Edinburgh “must invest in an indoor velodrome” to capitalise on Olympic cycling success, according to gold-medal winner Callum Skinner.
The 23-year-old wants to see the creation of an indoor facility in the Capital to nurture the next crop of champions to build on the success of athletes such as Laura Trott, Jason Kenny and Giles Scott.
But the city council is poised to demolish the crumbling outdoor velodrome in Meadowbank where Skinner started out and has no planned replacement as part of the sport facility’s £41.1 million re-development.
And plans for a cycling hub at Hunters Hall Park in Niddrie, the site of the Jack Kane Centre, would also be open air.
Skinner, who started training with the The Racers after he moved to Bruntsfield when he was 12, accused the city council of making the same mistake twice.

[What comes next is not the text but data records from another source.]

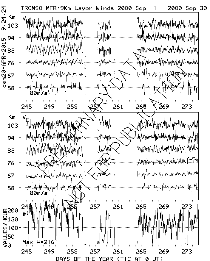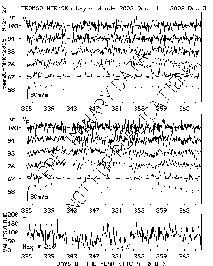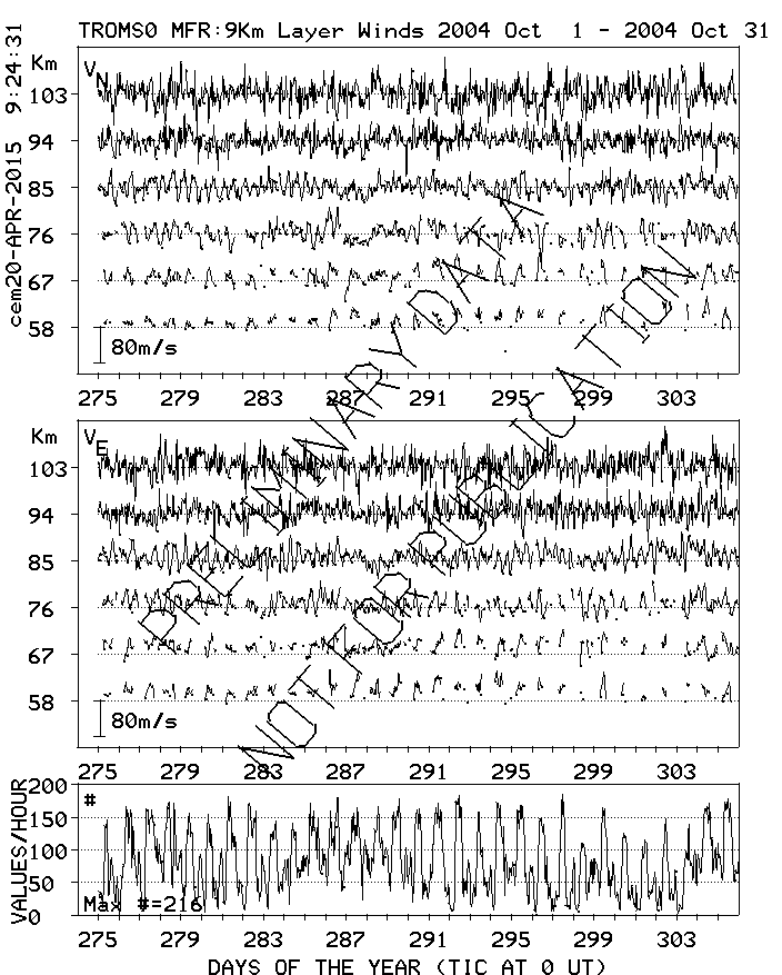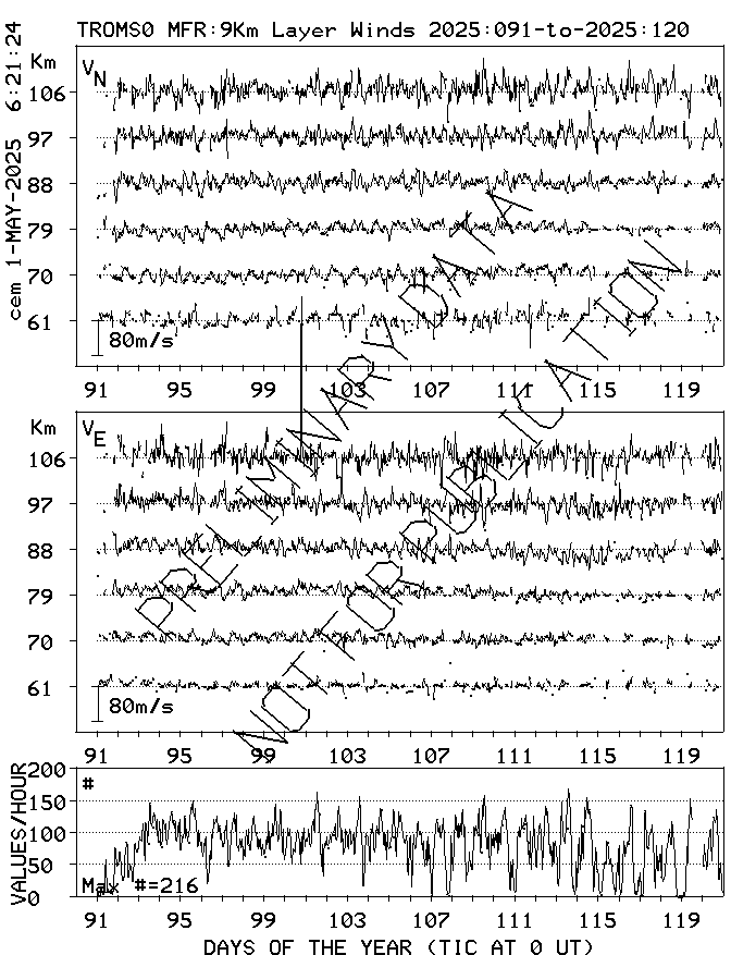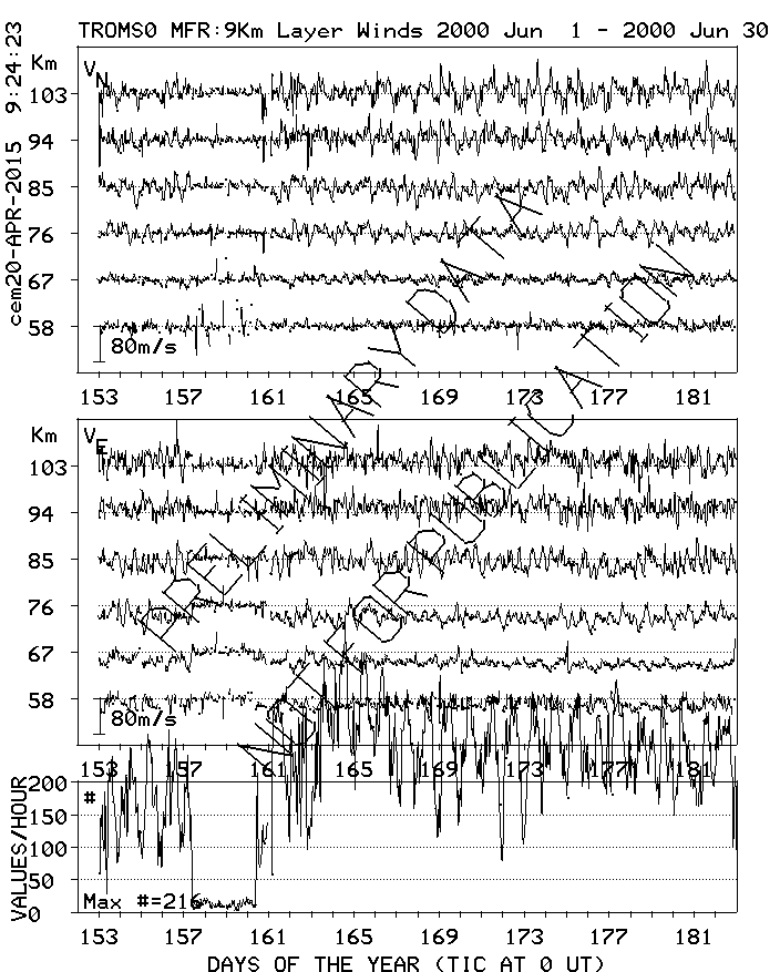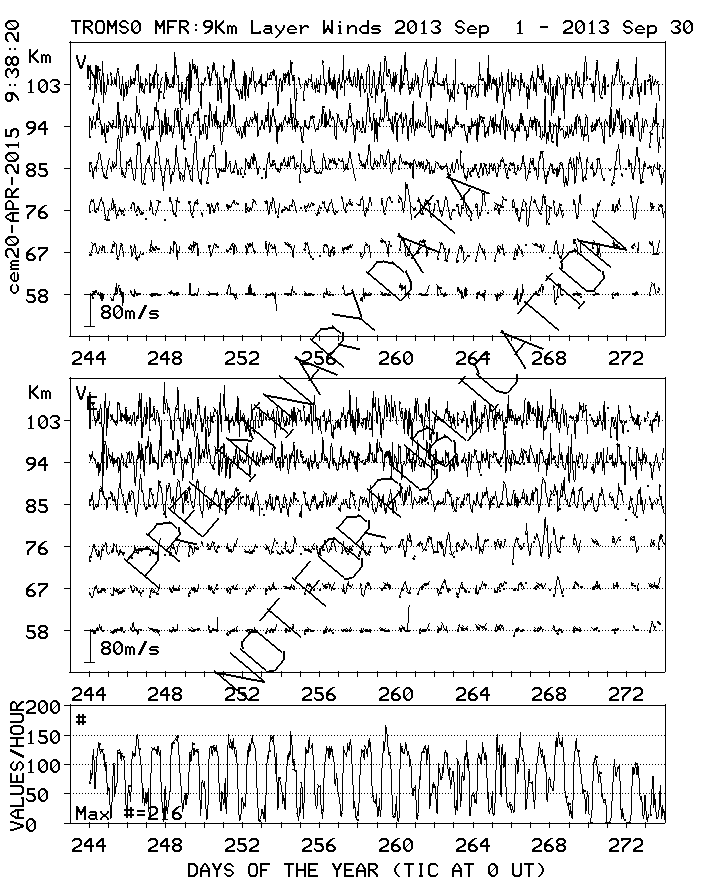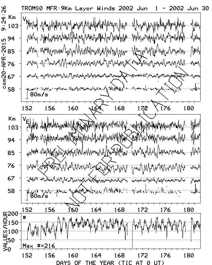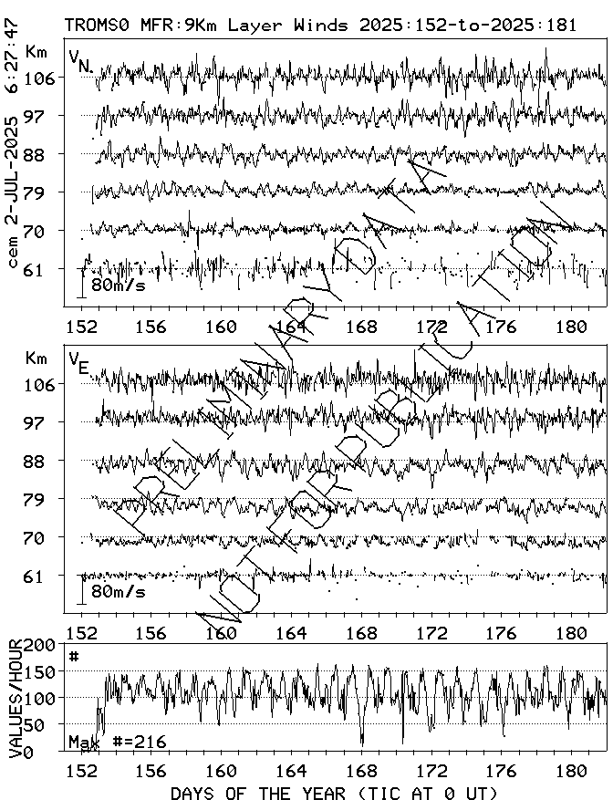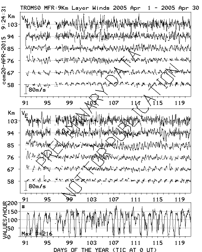 Tromsø (70N,19E) MF Radar Winds, monthly quick look plots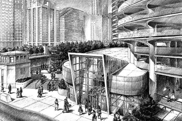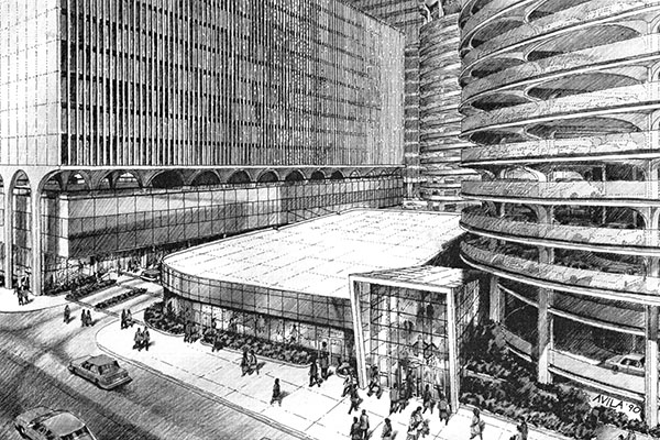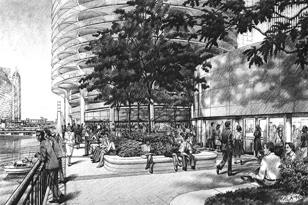 (Left) A retail addition on the State Street side of Marina City, proposed in 1990 by Hiffman Shaffer Anderson Inc. Tucked under a level of the parking ramp would have been a new building where Smith & Wollensky is located today. At left, new steps would provide quick access to the plaza. |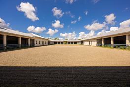 Exquisite Equestrian Estate Minutes from WEF. Nestled in a peaceful enclave and inspired by a custom designed Ralph Lauren farm, this newly constructed equestrian facility is designed for the discerning professional. With up to 40 stalls and two elegant living options-- gorgeous three-bedroom staff quarters and a pro residence --this property offers both sophistication and functionality. The courtyard-style barn features permanent stalls with filtered waterer in stalls and paddocks, 14′ ceilings, two air-conditioned tack rooms, 11 wash stalls, and rubber flooring. GGT courtyard arena and a large Equitan outdoor ring, Horsegym treadmill, and 10 beautiful grass paddocks--all set amid tranquil surroundings, ideal for preparation and recovery. Fans in stalls, fly spray system equipped.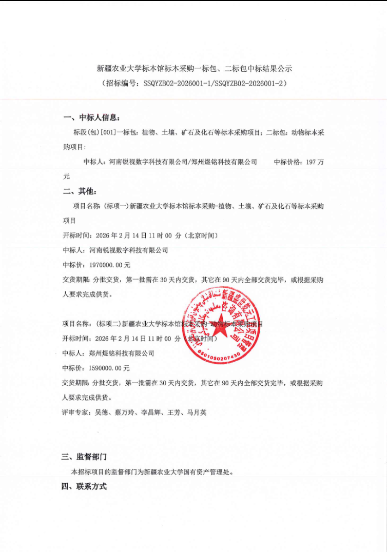 新疆农业大学标本馆标本采购一标包、二标包中标结果公示

The champion, who clinched gold and silver in the men’s team sprint and men’s sprint respectively, wants to see an indoor facility which could be used all year round.
He said the city council had to follow the lead of Glasgow, which built the indoor Sir Chris Hoy Velodrome for the Commonwealth Games.
The former James Gillespie’s high school student has previously criticised the council for “lack of ambition”, describing their proposal as an “opportunity wasted”.
He said Scotland’s rainy weather would force the open-air velodrome to close in the winter, rendering it useless for aspiring track cyclists. “The proposals are flawed, and Edinburgh’s climate doesn’t suit an outdoor velodrome,” he added.
Allister Watson, secretary of The Racers where Skinner started training, wants to see the creation of a covered 200-metre indoor velodrome with smaller “feeder facilities”.
He likened the Niddrie proposals to building an outdoor swimming pool in Scotland, with the call for better cycling facilities in Edinburgh echoed on social media.
Ed Douglas @Drygyptian tweeted: “I’ll ask again: why no suitable replacement for Meadowbank velodrome, Edinburgh Council?”
Mike Quinn@mikeqtoo wrote: “Velodrome cost: £113m, 1 mile of Edinburgh tram track cost £123m, could’ve built 10 velodromes.”
Councillor Richard Lewis, city sports leader, said that an “extraordinary number” of this year’s Team GB athletes had trained in Edinburgh facilities.
He added: “Most of the successful Olympic track cyclists started out on outdoor velodromes and we have seen other cities like York and Liverpool build outdoor facilities.
“The council has £1.215m of funding set aside for these facilities so we must be realistic in our vision, particularly considering local authority budget constraints and the considerable costs of such facilities, when fantastic national facilities for athletes can be found in Glasgow at the Sir Chris Hoy Velodrome.
“As a council we will continue to invest in sport where we can. Of course, if any philanthropic money was to come forward for investment in sport then we would certainly be in position to be more ambitious.